Humor generation and classification is one the hardest problem in the area of computational Natural Language Understanding. Even humans fail at being funny and recognizing humor. In this project, we attempt to create a joke generator using a large pre-trained language model (GPT2). Further, we create jokes classifier by fine-tuning pre-trained (BERT) to classify the generated jokes and attempt to understand what distinguish joke sentence(s) from non joke sentence(s). Qualitative analysis reveals that the classifier model has specific internal attention patterns while classifying joke sentences which is absent when classifying normal sentences.
For Joke sentences, there's a visible 'X' pattern which validates the setup-punchline structure.

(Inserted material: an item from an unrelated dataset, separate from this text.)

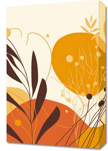 Obraz z serii minimalistyczne zatytułowany Szept Lasu. Spokojna i równoważąca kompozycja przedstawia zbiór roślin, wśród których przeważają delikatne i wydłużone liście. Kolorystyka grafiki oscyluje wokół ciepłych odcieni żółci, pomarańczy i brązu, co nadaje ilustracji przytulnego i spokojnego nastroju.Ta grafika będzie doskonale komponować się w przestrzeniach, gdzie chcemy stworzyć oazę spokoju, sprzyjającą relaksacji i odprężeniu. Może być wspaniałym dodatkiem do sypialni lub salonu, gdzie ciepłe barwy i natura mają pozytywny wpływ na samopoczucie.

Detailed view of the Joke attention pattern -
- Python: 3.7
- pytorch: 1.2.0
- Cuda 10.1.243
Some experiments were directly carried out in Google Colab
Pretrained models are from https://github.com/huggingface/transformers
GTP2/fine_tuning.py is mostly the huggingface's run_lm_finetuning.py except for the Dataset
Class.
python fine_tuning.py \
--output_dir output \
--model_type gpt2 \
--model_name_or_path distilgpt2 \
--do_train \
--train_data_file short_jokes_even_shorter.csv \
--per_gpu_train_batch_size 5 \
--save_steps 1000 \
--num_train_epochs 10
python run_generation.py \
--model_type=gpt2 \
--model_name_or_path=output/ \
--top_k 50 \
--top_p 1.0 \
--temperature 0.3 \
--prompt "Why did jonh call the cops?"
An improved version is in the jupyter notebook along with the rest of the code for generation, analysis and classification.
Jupyter notebook is run on Google Collab, any extra package requried required is being included in the notebook itself.